Police departments using technology to widen the 'thin blue line - WMBFNews.com, Myrtle Beach/Florence SC, Weather

Police departments using technology to widen the 'thin blue line'

Lt. Joey Crosby, Myrtle Beach Police Department. Lt. Joey Crosby, Myrtle Beach Police Department.

MYRTLE BEACH, SC (WMBF) - The mission of every police department is pretty straight forward.  They must try to keep your city and the people who live in it safe by getting the most out of the resources they have, but sometimes it isn’t that easy.

Police departments on the Grand Strand deal with a huge surge in the population in the summer months when tourists come to town.  Horry County police have to cover an area about the size of Rhode Island, with just a fraction of the resources.

State Senator Greg Hembree saw the issue first-hand while serving as solicitor up until 2013.

"Horry County was the department struggling with manpower and there's no other way around it - that's a straight up funding issue," Sen. Hembree said.

The funding issue did improve this summer when county council opted to raise the millage.  The move meant more could be spent on the police force.

Currently the department has about 260 officers.  The number has grown under Chief Saundra Rhodes.

She made a plea to the county and she’s been able to add more detectives and street crimes unit officers to help fight the county’s gang problem.

Even with the new hires, the staffing is far from perfect.  By some estimates, the force needs to double in size.

It’s a similar situation in Myrtle Beach. The police department is just now getting back to pre-recession staffing levels with nearly 300 employees.

Technology and new surveillance cameras posted throughout the city are already making a difference.  Recently they helped police quickly identify and arrest two suspects following arson at two motels.

While these cameras and other advanced technology have helped MBPD lower the crime rate in recent years, police say nothing replaces an officer on the street.  However, getting those officers, even when there is money in the budget, can be tough because recruiting isn’t as easy as it used to be.

"We didn't really have to do much now we are realizing we have to get out to the military installations, colleges, and universities around us because be have a lot of good, qualified departments," MBPD Lt. Joey Crosby said.

Getting new hires through training and the academy also takes time, and space in classes is limited.  Even if a department had the money to make 20 new hires today, there’s typically only a handful of spots available at the academy.

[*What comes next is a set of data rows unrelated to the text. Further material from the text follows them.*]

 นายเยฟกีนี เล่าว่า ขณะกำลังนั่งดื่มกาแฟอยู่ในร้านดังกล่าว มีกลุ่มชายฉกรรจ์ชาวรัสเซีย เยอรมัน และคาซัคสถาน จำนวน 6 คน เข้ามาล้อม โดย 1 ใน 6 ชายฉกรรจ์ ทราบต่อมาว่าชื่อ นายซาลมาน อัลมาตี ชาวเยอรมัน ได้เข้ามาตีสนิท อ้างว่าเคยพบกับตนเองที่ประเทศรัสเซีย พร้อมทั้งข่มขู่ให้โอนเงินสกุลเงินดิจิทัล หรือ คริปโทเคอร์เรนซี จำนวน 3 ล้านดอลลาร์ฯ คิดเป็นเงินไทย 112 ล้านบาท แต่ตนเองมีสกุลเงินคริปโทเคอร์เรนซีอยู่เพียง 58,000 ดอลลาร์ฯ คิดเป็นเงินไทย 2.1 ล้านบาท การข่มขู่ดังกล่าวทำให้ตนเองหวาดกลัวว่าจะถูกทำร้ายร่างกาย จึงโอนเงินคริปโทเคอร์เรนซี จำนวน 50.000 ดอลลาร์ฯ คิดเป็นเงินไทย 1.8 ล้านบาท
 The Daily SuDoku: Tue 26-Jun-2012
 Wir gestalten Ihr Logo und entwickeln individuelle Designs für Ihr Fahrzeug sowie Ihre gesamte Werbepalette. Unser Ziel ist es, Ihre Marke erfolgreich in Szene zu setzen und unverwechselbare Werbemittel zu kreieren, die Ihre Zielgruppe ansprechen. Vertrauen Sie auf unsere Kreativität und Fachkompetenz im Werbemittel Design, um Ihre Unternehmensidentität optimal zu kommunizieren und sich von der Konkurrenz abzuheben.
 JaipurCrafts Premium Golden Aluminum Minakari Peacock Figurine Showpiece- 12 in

North Myrtle Beach has a Department of Public Safety, which is a combination of fire crews and police officers that allows the city to stretch its resources during times where the population jumps from about 15,000 to 100,000.

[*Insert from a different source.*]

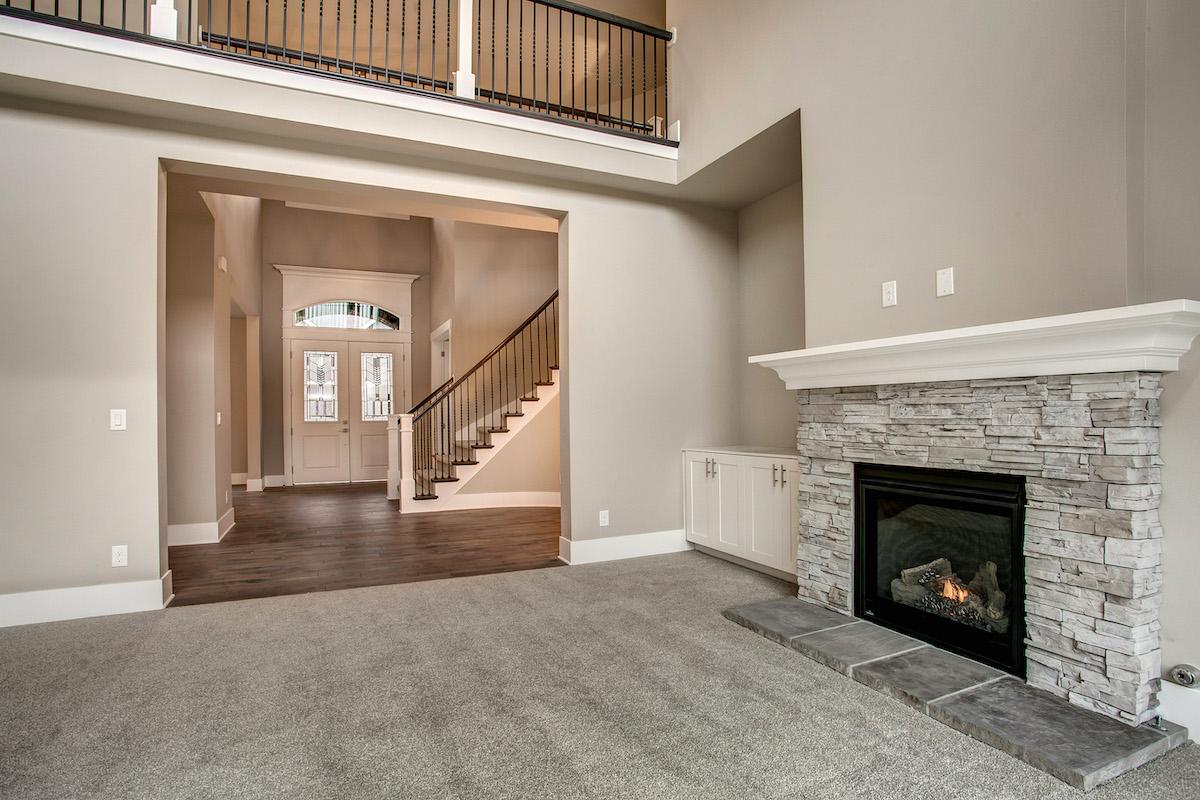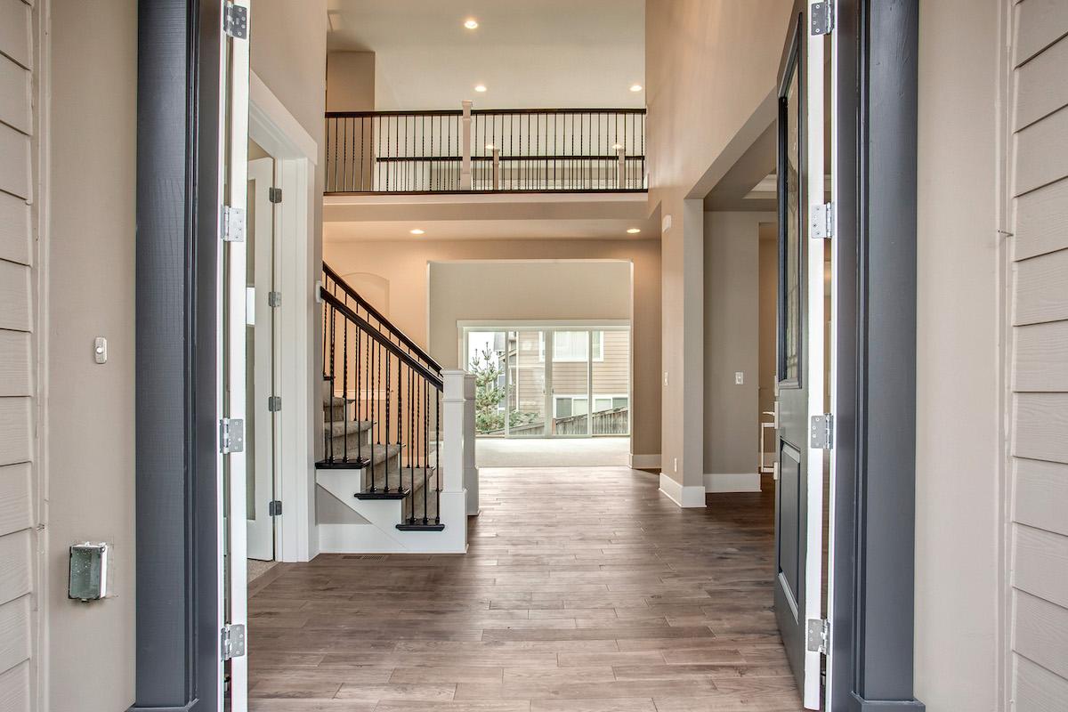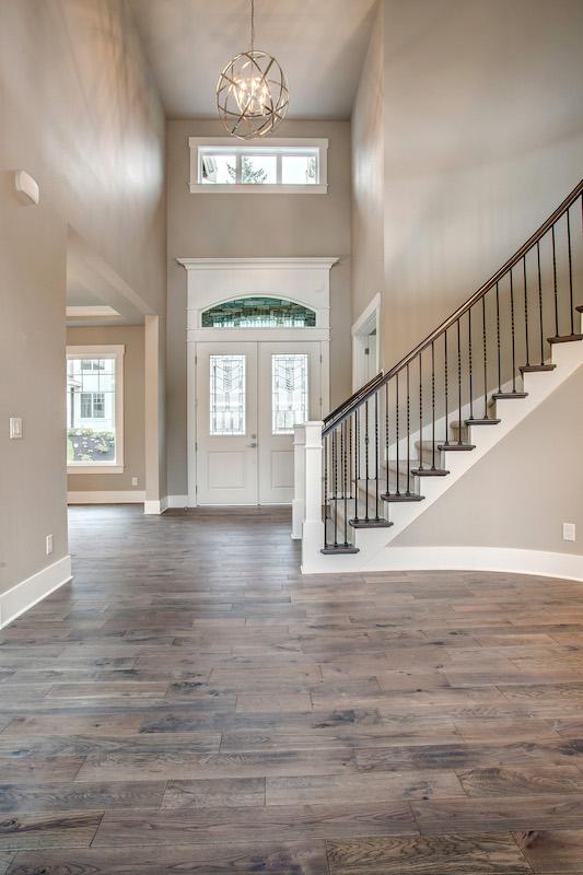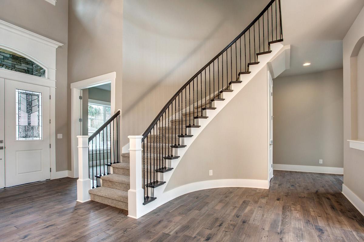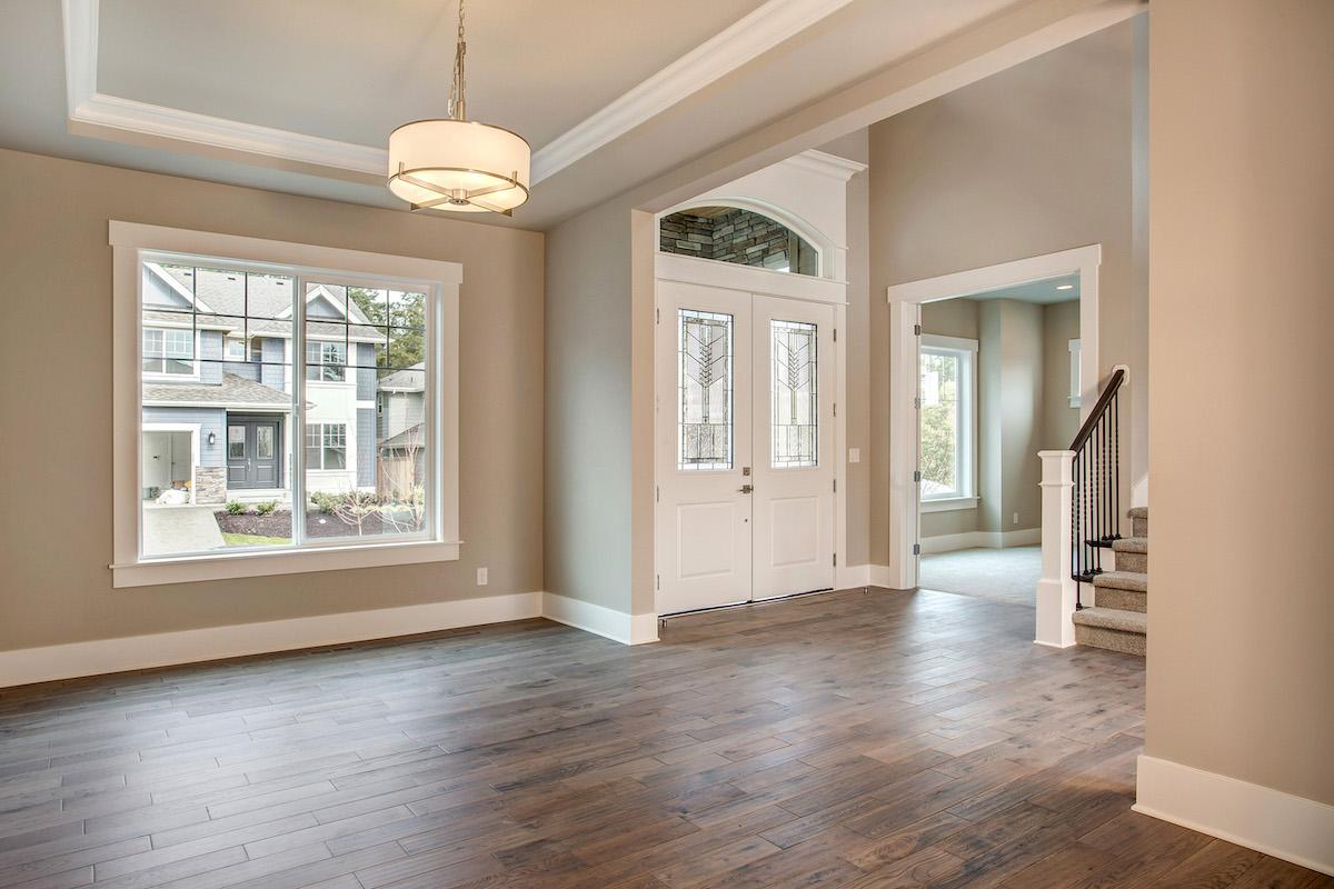 • A curved stairway is presented upon entering the light and airy foyer. To the left, a quiet den offers a place to retreat to for peace and solitude, while a formal dining room sits to the right.

Another new step taken to help stop any violence on the North Strand is a new crime analysis expert.  This employee is responsible for tracking crime trends in the city so police can maximize their efforts.

It’s these techniques police will continue to use to get the most out of their current force until local and state governments choose to put more money into public safety.  Sen. Hembree stresses the level of help isn’t where it should be.

"We do provide money through the local government funds, general money back to the local governments, we have not funded that adequately," Sen. Hembree added.  "I've been a co-sponsor of the bill that would raise that funding to its formula levels and I think we should pay it hopefully we can get back to that with some of the surpluses that we have but that will not solve the problem.”